Petrol landing cost at N1,117 pressures NNPC’s ‘secret’ subsidy
Rising landing costs for petrol are set to send the Nigerian National Petroleum Company (NNPC) ‘secret’ subsidy bill rocketing, threatening to exacerbate the already precarious economic situation of Africa’s largest oil producer, BusinessDay’s findings have revealed.
At the black-market rate of N1,610 per dollar, findings showed the landing cost of petrol, which includes the product’s international price, shipping, insurance, and other charges, increased to N1,117/litre from N720/litre in October 2023.
This means that the bill for subsidies, which has been kept under wraps, will jump, piling pressure on the national oil company’s finances.
The Nigerian government projects N5.4 trillion in 2024 for petrol subsidies as against N3.6 trillion budgeted for the same intervention in 2023, Wale Edun, finance minister, said recently.
But with the landing cost rising to N1,117/ litre, the subsidy payment could further rise, gnawing Nigeria’s finances via the NNPC.
“Lack of transparency in the pricing and importation process has led to significant revenue leakages and potential hidden subsidies,” Bello Rabiu, independent consultant and former NNPC’s chief operating officer for upstream, said at a virtual event.

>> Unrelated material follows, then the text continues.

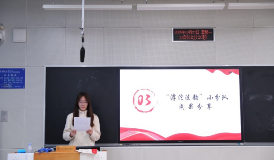 “青马笃行”重点小分队成员刘佳成分享了团队师生前往秦皇岛市的调研经历。该小分队以“城乡高龄老人居家养老服务体系调研与志愿服务实践”为核心课题,聚焦城乡服务差异、政策贯彻落实等问题,以青春力量推动养老服务体系高质量发展,在躬身实践中感悟法治为民的深刻内涵,得到了河北新闻网、河北网络广播电视台等十余家官方媒体报道以及秦皇岛市民政局的感谢信。从政策宣讲到法律援助,从需求调研到服务落地,小分队以实际行动诠释了“不忘初心、牢记使命”的青年担当。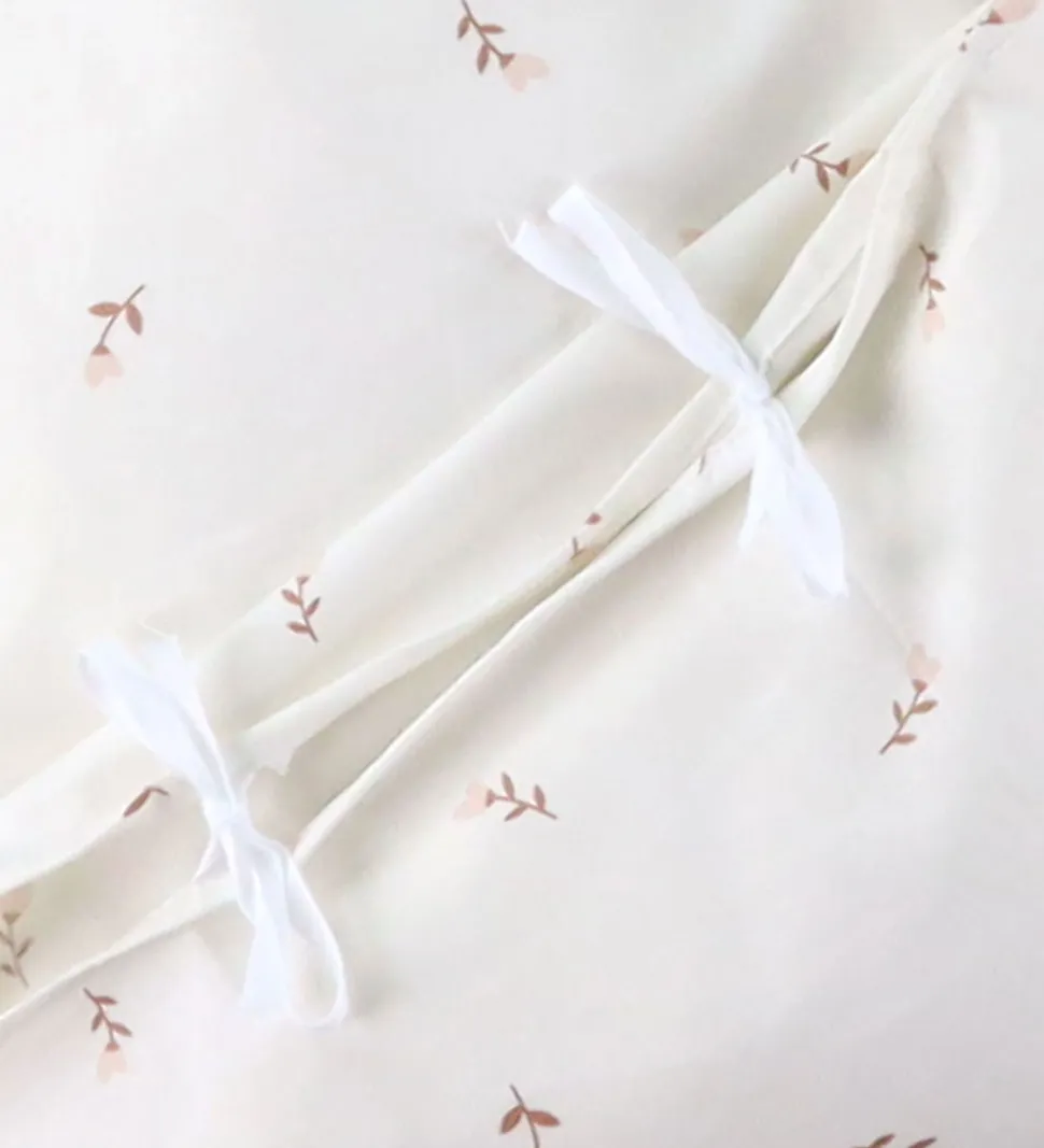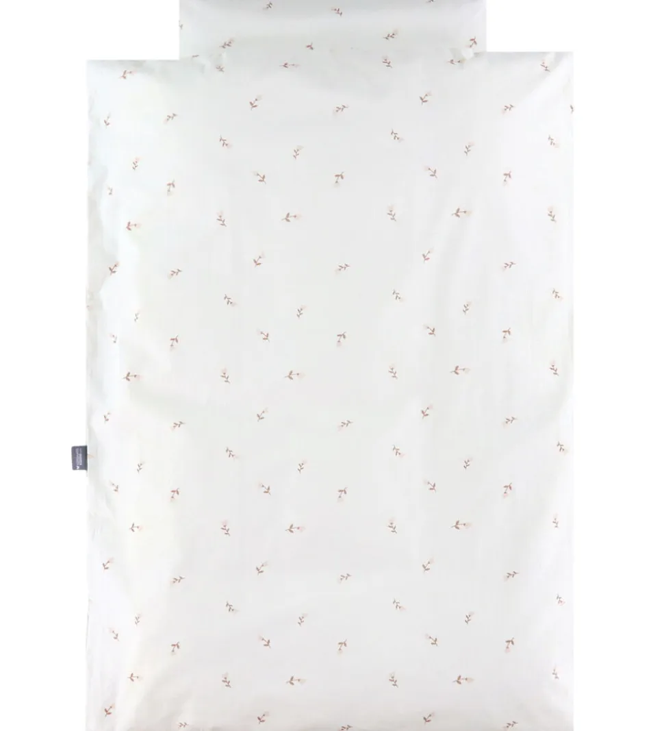 Fint Nørgaard Madsens sengetøj i hvid med et alloverblomsterprint i brune og rosa nuancer.

He noted that the market lacks a clear, competitive framework, resulting in inefficiencies and high costs.
Rabiu emphasised that PMS is the only regulated product, stressing that the regulation is essential due to its significant role in the downstream sector.
According to Rabiu, “To achieve an efficient oil and gas sector across upstream, midstream, and downstream systems, the market must be liberalised, with all refineries and pipeline works operational.”
He noted that the NNPC is running a monopoly as the only supplier, a dominant player in the sector.
Rabiu lamented that the country is still bleeding because the exact amount paid as a subsidy remains unknown.
He said, “We are yet to see the supposedly gone subsidy.”
Wumi Iledare, professor of energy economics and a senior expert in Nigeria’s oil and gas sector, said the cost of PMS in Nigeria is far below the international price, considering the price of diesel.
“The gap between the cost of diesel and petrol in Nigeria is much. It is never like that all over the world. That means something is wrong.
“I don’t know if the NNPC is paying subsidies or not, but somebody is absorbing the difference. You can call it under-recovery or subsidy, but the price of petrol today does not reflect the market cost of producing a litre of petrol,” he noted.
BusinessDay checks on Thursday showed that parallel foreign exchange market operators quoted a buy price above N1,600/$1 for holders of naira looking to buy dollars.
Platforms such as Trove, Remitly, Bamboo, and PiggyVest were selling the dollar above N1,630 as of Thursday, July 18, 2024.
Labour stalls petrol price hike
An authoritative source told BusinessDay that the fear of nationwide agitations and prolonged mass protests by the organised labour is keeping the Federal Government from allowing further increases in the pump price of PMS.
Sources said the inability of President Bola Tinubu-led government to fulfil all its promises, including the provision of CNG buses to ease transportation challenges facing Nigerians, is forcing the government to continue subsidy payment despite its famous ‘subsidy is gone’ pronouncement on May 29, 2023.
The source told BusinessDay that during last week’s meeting with members of the organised labour at the Presidential Villa, Abuja, President Tinubu pointedly told the labour delegation led by Joe Ajaero that they were ‘tying his hands’ from further petrol price increase.
The source noted that Tinubu also told the delegation that he could not yield to their N250,000 minimum wage demand because labour wouldn’t allow further pump price increase to free funds going into subsidy.
On Wednesday, Femi Soneye, chief corporate communications officer of NNPC Limited, said the NNPC Ltd has not looked back in its transparency journey, publishing every information that the public should know.
“In the face of various allegations of financial malfeasance, NNPC Ltd has always made itself available for probes or opportunities for reconciliation of figures with other agencies of government as the case may be; and, it has always been vindicated,” Soneye said in his article published on BusinessDay.
Subsidy isn’t gone
President Bola Tinubu, during his inaugural speech on May 29, 2023, declared that subsidy on petrol was gone, a declaration that was effectively implemented the next day by the NNPC.
Before Tinubu’s declaration, the pump price of petrol was below N190/litre. However, it jumped to over N500/litre after the president’s statement and moved up again to over N600/litre a few weeks later.
While the Federal Government has repeatedly denied the payment of any subsidy on petrol, a report recently submitted to President Tinubu by the finance minister, Edun, and seen by BusinessDay, showed that the government’s N5.4 trillion subsidy projection in 2024 is true.
Edun also told reporters that subsidy removal is an ongoing process, suggesting that a complete removal is not yet achieved.
“It is an ongoing conversation, it is an ongoing process of ensuring that fuel subsidy that fuel subsidy is eliminated from the Nigerian economy, that is what Mr. President intent is and that is what is being worked towards,” Edun said in an interview May.